Senza Dio, Senza Cervello?

03Ott08

In risposta a questo blog “L’ateismo è più diffuso di quanto si creda” su Universi Paralleli:

(nota ai lettori di Universi Paralleli: questo commento e’ stato li’ censurato. Spero che qualcuno sara’ gentile al punto di farmi sapere quando l’autore di UP si svegliera’ dal sonno della ragione e decidera’ di rispondere. grazie)

Chiedete a un cristiano perché i musulmani credono che ogni beato maschio riceverà in paradiso 72 vergini: il cristiano vi dirà che purtroppo i musulmani sono stati educati a crederlo.

Chiedete a un musulmano perché i cristiani sono convinti di essere macchiati dal peccato originale: vi dirà che purtroppo glielo hanno insegnato da bambini.

Tutti sono atei sugli dei degli altri.

Intanto bisognerebbe trovare un cristiano e un musulmano a cui fare davvero quelle domande, invece di inventarsene due cosi’ tanto per dire.

Secondo il cristiano e il musulmano, a meno che non siano incredibilmente ignoranti o con il prosciutto sugli occhi, dovranno riconoscere che il Dio in cui pregano e’ uno solo, quello di Abramo: per cui non avrebbero senso che si dessero dell'”ateo” l’un l’altro.

Magari un cristiano dira’ che un musulmano e’ una specie di eretico, e vice-versa: ma l’eresia non e’ certo l’ateismo.

La faccenda e’ molto piu’ complessa di quanto le cretinate di Dawkins lascino pensare.

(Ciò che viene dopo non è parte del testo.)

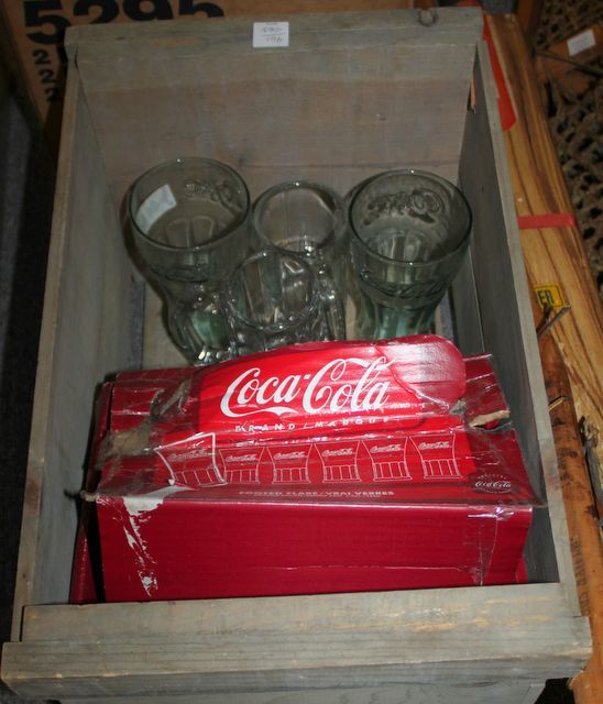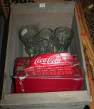 Crate with glass Mugs and 8"-3"h. Coca-Cola Glasses in box Crate with glass Mugs and 8"-3"h. Coca-Cola Glasses in box
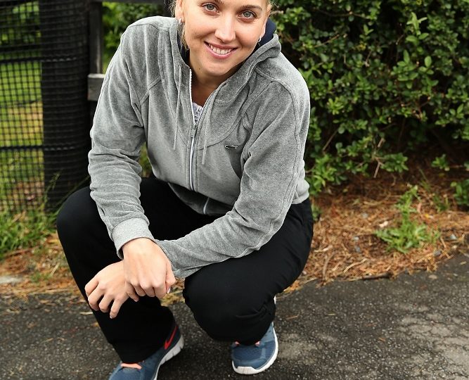 Defending champion Elena Vesnina was happy to find her champion poster at the end of the Champion’s Walk. Picture: Getty Images
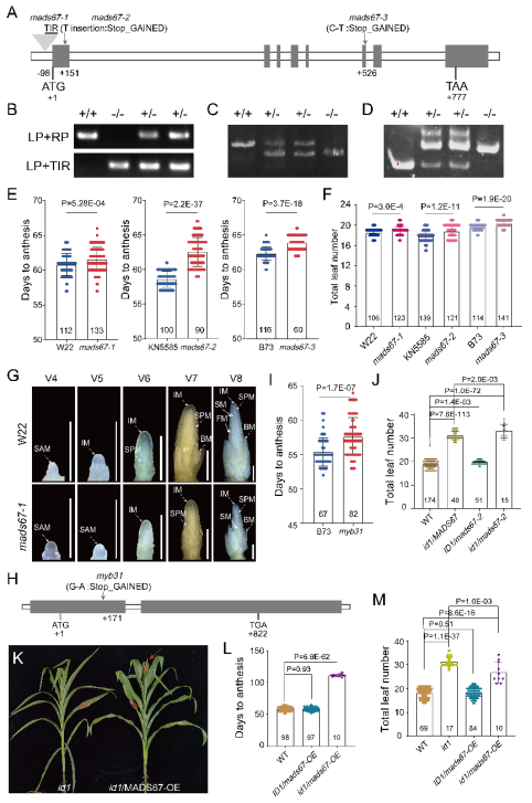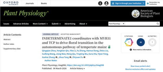近日,Plant Physiology 杂志在线发表了由汤继华/付志远团队撰写的题为“INDETERMINATE1 coordinates with MYB31 and TCP to drive floral transition in the autonomous pathway of temperate maize”的研究论文。该研究通过对开花转变缺陷突变体(ftd1)的精细定位与功能研究,首次揭示ID1通过双路径模块调控玉米开花时间的分子机制。

Per esempio quante volte e’ stato detto che islamismo e induismo sono assolutamente incompatibili? E poi si va invece a scoprire che c’e’ almeno una popolazione indiana che pratica sostanzialmente entrambi (per non parlare dei Sikh, che hanno elementi islamici e induisti nel loro Credo).

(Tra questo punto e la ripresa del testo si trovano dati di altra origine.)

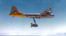 Die EB-29 traf Ende Mai 1948 auf der Basis Muroc in Kalifornien (heute Edwards AFB) ein. Dort hatte man eine 5,3 Meter tiefe Grube ausgehoben, sodass die Goblin einfach von unten an Bord gehievt werden konnte. Mit dem Parasit-Jäger, 17 000 Litern Kraftstoff und einer achtköpfigen Besatzung betrug die Abflugmasse 51 075 kg.
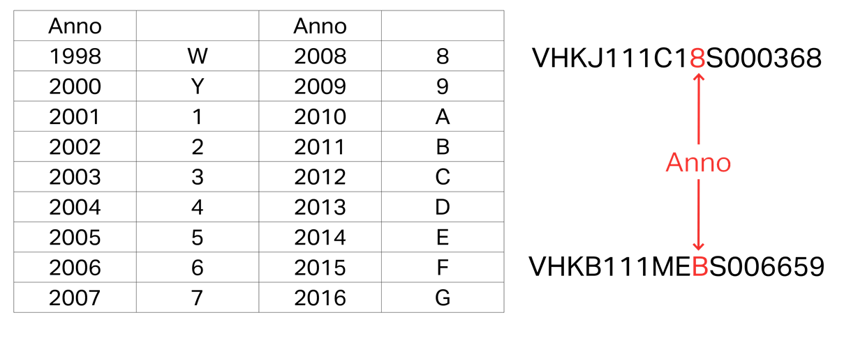 Per il produttore RSA è inoltre necessario determinare l'anno di produzione, che è rappresentato dalle XX cifre da selezionare nei criteri di selezione nella pagina a fianco.

Anche se non nutro alcuna speranza che quanto ho appena scritto aiutera’ nessuno a chiarirsi le idee, mi permetto un piccolo suggerimento: non parlate di cose che per definizione non conoscete.

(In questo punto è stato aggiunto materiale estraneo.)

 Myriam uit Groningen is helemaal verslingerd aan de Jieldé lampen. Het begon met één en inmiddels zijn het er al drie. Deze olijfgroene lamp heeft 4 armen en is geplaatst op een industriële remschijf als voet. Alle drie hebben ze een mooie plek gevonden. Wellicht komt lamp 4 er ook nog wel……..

Se non avete una fede religiosa, parlando di fede religiosa non potrete infatti che dire sciocchezze: a meno che non riusciate a immedesimarvi con coloro che a quanto pare disprezzate.



6 Responses to “Senza Dio, Senza Cervello?”

  1. 1 adriano

    L’espressione “le cretinate di Dawkins” qualifica sufficientemente bene la tua modestia e il tuo atteggiamento verso idee diverse dalle tue. Non credo che questo modo di argomentare serva a nessuno, e nemmeno a te stesso.

  2. Che ci posso fare, se ritengo le sue delle stupidaggini? Devo far finta di trovarci degli argomenti ben fatti?

    C’e’ qualcuno che riesce a prendere sul serio il suo argomento “Ultimate 747”, per esempio?

    Se c’e’ bisogno di piu’ dettagli, eccoli qua:

    https://mauriziomorabito.wordpress.com/2006/10/19/il-mito-iperrazionalista-di-dawkins-et-al/
    https://mauriziomorabito.wordpress.com/2007/05/22/i-gran-sacerdoti-dellateismo/

    Mi quoto da solo:

    “Questa visione riduttiva all’estremo del mito (per non parlare del rito) non solo e’ assurda, e’ inumana: perche’ pensare che la religiosita’ sia un giochino di fantasie e suggestione personale e collettiva significa negare l’esistenza non di un dio, ma dell’umanita’ di ciascuna persona”

    “che cosa puo’ si dire quando un pensatore brillante come Richard Dawkins pubblica senza un alcun senso di autocritica l’argomento “Come Un Boeing 747“, una cosiddetta “prova ultima” che Dio non esiste? E’ una versione della domanda “Chi ha generato il Creatore“, con una risposta che chiunque con un minimo di cervello puo’ smontare in modo bello, semplice ed abbastanza ovvio (suggerimento: il Creatore non deve fare necessariamente parte della Creazione).”

  3. 3 massimo

    “E poi si va invece a scoprire che c’e’ almeno una popolazione indiana che pratica sostanzialmente entrambi (per non parlare dei Sikh, che hanno elementi islamici e induisti nel loro Credo).”

    Vorrei saperne di più. L’Islam é rigidamente monoteista, mentre l’induismo prevede una moltitudine di divinità.

  4. Ecco un link interessante (guarda pag. 7 per esempio):

    http://tinyurl.com/4n2xq2

    oppure questo (pagina 301, in alto):

    http://tinyurl.com/4za6a9

  5. 5 alessandro

    eppure quel riferimento (del primo commento) a “me l’hanno insegnato da bambino” non e’ del tutto naive. In fondo Hans Kung dice la stessa cosa.

  6. Cosa dice Kung, “a me” o “all’altro”?